PROBLEM TO SOLVE: What you return must match the listing below character for character, minus any pictures.

BEGIN MATERIAL PROVIDED

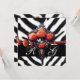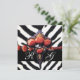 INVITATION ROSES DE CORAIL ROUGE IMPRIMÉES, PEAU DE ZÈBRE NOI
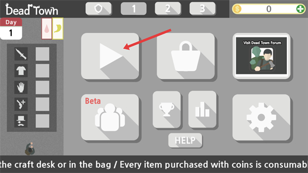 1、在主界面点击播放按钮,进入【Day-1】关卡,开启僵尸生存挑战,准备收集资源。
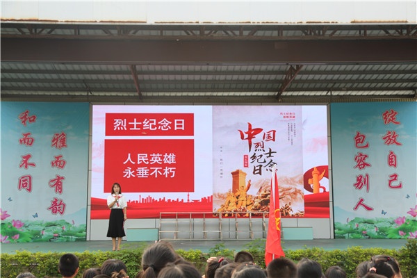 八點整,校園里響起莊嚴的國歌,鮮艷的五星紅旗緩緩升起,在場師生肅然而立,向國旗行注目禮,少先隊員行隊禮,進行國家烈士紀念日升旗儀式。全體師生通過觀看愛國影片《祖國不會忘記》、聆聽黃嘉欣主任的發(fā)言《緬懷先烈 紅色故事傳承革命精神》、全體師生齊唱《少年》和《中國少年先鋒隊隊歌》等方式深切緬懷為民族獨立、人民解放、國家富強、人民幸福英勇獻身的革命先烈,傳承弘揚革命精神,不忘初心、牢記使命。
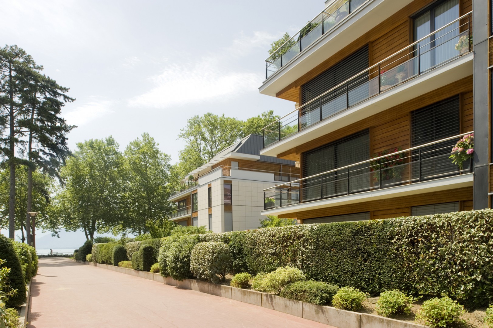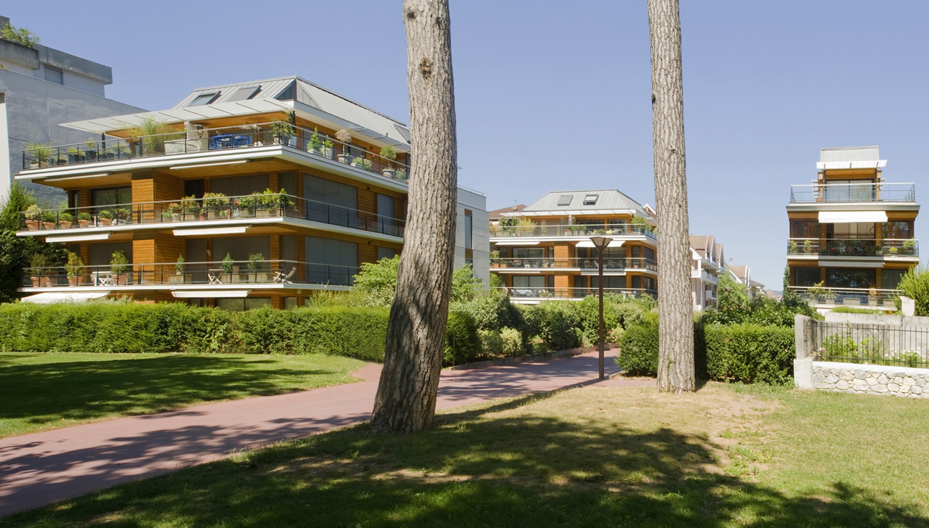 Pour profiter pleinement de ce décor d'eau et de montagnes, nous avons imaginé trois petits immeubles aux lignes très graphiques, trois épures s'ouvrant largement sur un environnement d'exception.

END MATERIAL PROVIDED

EXERCISE RESPONSE:
 INVITATION ROSES DE CORAIL ROUGE IMPRIMÉES, PEAU DE ZÈBRE NOI
 1、在主界面点击播放按钮,进入【Day-1】关卡,开启僵尸生存挑战,准备收集资源。
 八點整,校園里響起莊嚴的國歌,鮮艷的五星紅旗緩緩升起,在場師生肅然而立,向國旗行注目禮,少先隊員行隊禮,進行國家烈士紀念日升旗儀式。全體師生通過觀看愛國影片《祖國不會忘記》、聆聽黃嘉欣主任的發(fā)言《緬懷先烈 紅色故事傳承革命精神》、全體師生齊唱《少年》和《中國少年先鋒隊隊歌》等方式深切緬懷為民族獨立、人民解放、國家富強、人民幸福英勇獻身的革命先烈,傳承弘揚革命精神,不忘初心、牢記使命。
 Pour profiter pleinement de ce décor d'eau et de montagnes, nous avons imaginé trois petits immeubles aux lignes très graphiques, trois épures s'ouvrant largement sur un environnement d'exception.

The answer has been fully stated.